L'Alsace - 3 février 2010

La ministre de la Santé Roselyne Bachelot a promis de renforcer la prévention des grossesses non désirées pour les jeunes et ’accès à l’avortement après la remise, hier, d’un rapport pointant les carences de la France en la matière. Mme Bachelot a admis hier qu’il persistait des inégalités territoriales dans l’accès à l’interruption volontaire de grossesse (IVG), avec des délais d’attente de parfois plus de 15 jours, et a déploré « un manque d’information sur la sexualité et la contraception ». Pour y remédier, elle veut notamment renforcer les centres de planification et mettre en place un accès gratuit et anonyme à la contraception pour les mineures via des consultations auprès de médecins volontaires. Elle prévoit aussi de revaloriser en 2010 « d’aumoins 10%» la rémunération des établissements pratiquant des IVG chirurgicales. Le rapport remis par l’Inspection générale des affaires sociales (Igas) pointe notamment le fait que les IVG tardives ne soient pas prises en charge partout, et note qu’il persiste des « goulots d’étranglement dans certaines zones de fortes demandes », notamment les grandes villes.
Le nombre d’établissements pratiquant l’IVG est passé de 729 en 2000 à 639 en 2006, réduisant de fait le choix quant aux méthodes d’IVG. Peu attractive pour les personnels de santé et pour les établissements, l’IVG chirurgicale est de moins en moins pratiquée. Côté prévention, il y a un niveau préoccupant d’échecs des moyens de contraception. 72% des 200 000 IVG annuelles sont
réalisées sur des femmes sous contraception.
Quant aux jeunes, leur droit à la contraception « leur est dénié dans les faits » et l’Éducation nationale ne joue pas suffisamment son rôle en matière d’éducation sexuelle. Le coût de la contraception est jugé souvent trop élevé, jusqu’à 175 euros annuels pour un timbre contraceptif hebdomadaire.

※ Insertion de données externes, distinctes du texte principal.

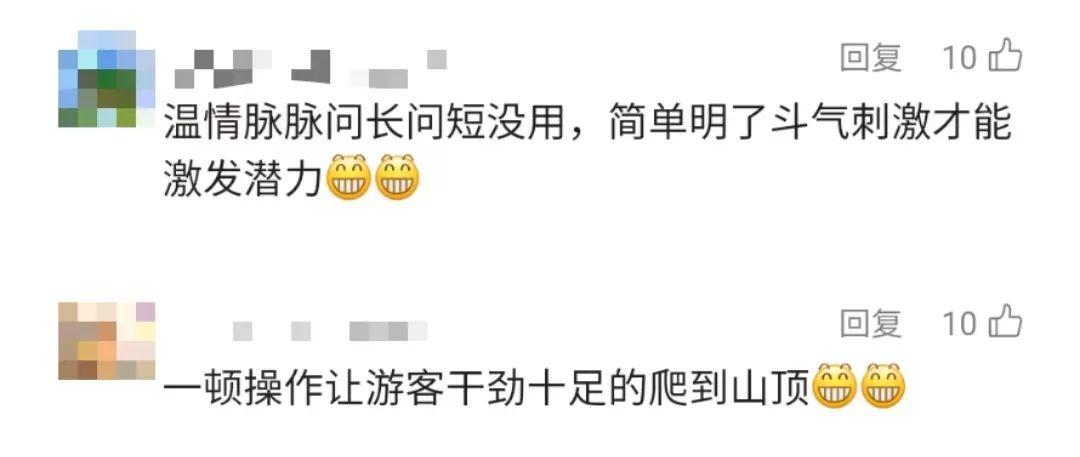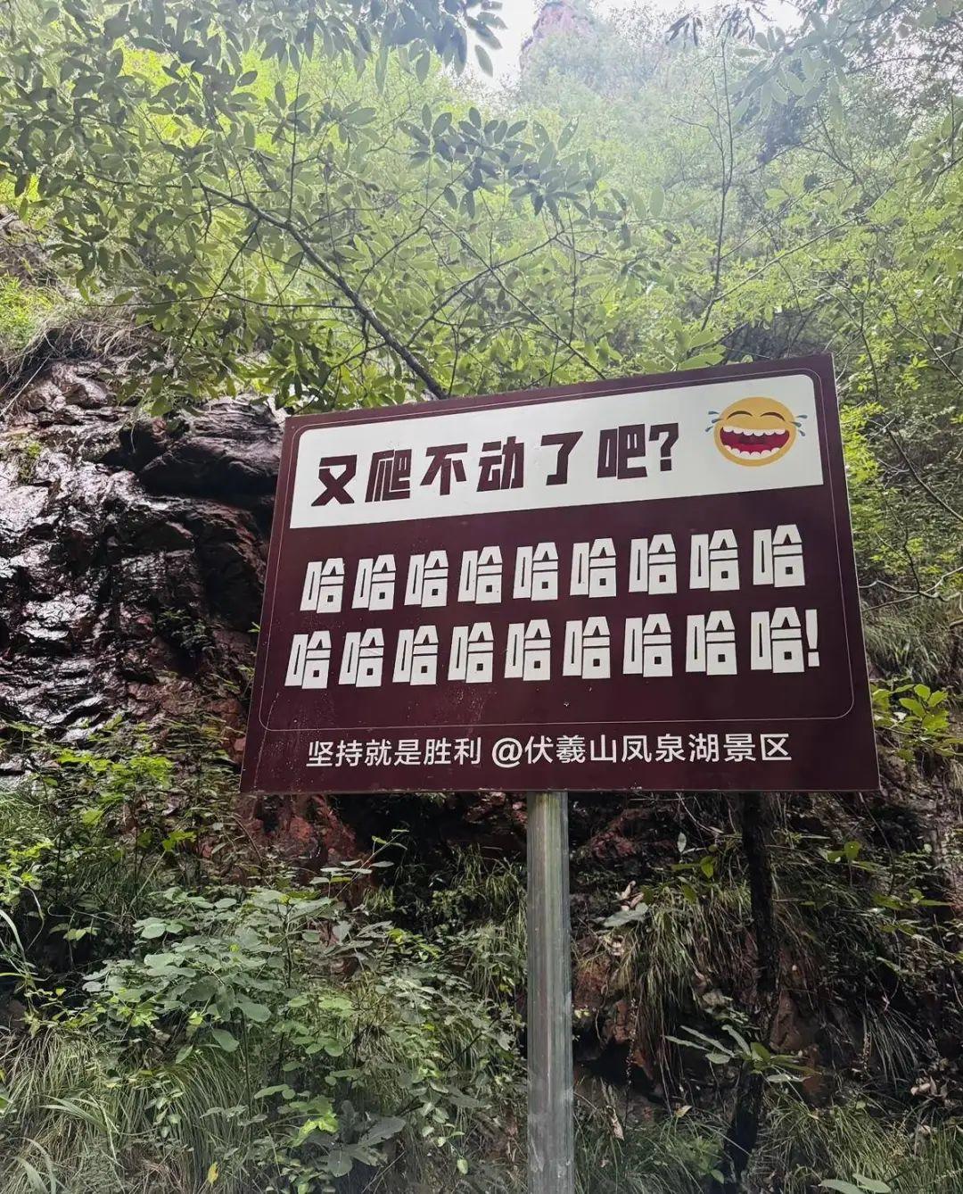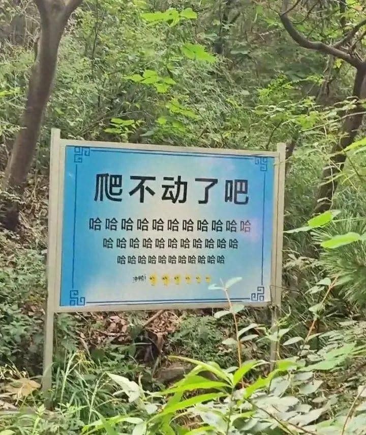 网友在帖子中贴出景区的指示牌标语,其中有“爬不动了吧,哈哈哈哈哈”“爬不动了吧,保持微笑,你可是花了钱的”“加油,别担心,还有三万步,你现在在想什么,是不是特别想回家找妈妈”等。

Ségolène Royal, la présidente PS de Poitou-Charentes, a réagi en attaquant vivement le gouvernement, déplorant qu’il « bloque » dans sa région son initiative d’un « Pass contraception », qui doit donner aux mineures un accès gratuit à la consultation médicale et à la contraception. Pour leur part, les associations féministes ont globalement jugé positives mais insuffisantes les
mesures annoncées par Mme Bachelot.
« Nous serons satisfaites si la volonté politique est suivie de moyens », affirme la présidente du Mouvement du Planning familial, Carine Favier, qui regrette l’absence d’annonces fortes sur le remboursement des contraceptifs. Pour Chantal Birman, cadre de l’Association nationale des centres d’interruption de grossesse et de contraception (Ancic), « il faut autoriser les sages-femmes à faire des IVG, y compris par aspiration ». « Toute une génération de médecins militants des droits des femmes va bientôt partir à la retraite », s’inquiète cette sage-femme. « Si Mme Bachelot veut améliorer l’accès à l’IVG, il faut remettre en cause sa logique de restructurations hospitalières », lance de son côté Maya Surduts, de la Coordination des associations pour le droit à l’avortement et à la contraception (Cadac). L’association Ni Putes Ni Soumises a demandé au gouvernement « d’en faire plus », soulignant que la contraception restait « un interdit » dans les quartiers populaires et s’inquiétant des fermetures de centres d’IVG.
À contre-courant des associations féministes, le mouvement anti-avortement « Alliance pour les droits de la vie » dénonce un « rapport consternant ». Et de juger que « l’urgence est d’aider les femmes enceintes à éviter l’IVG ».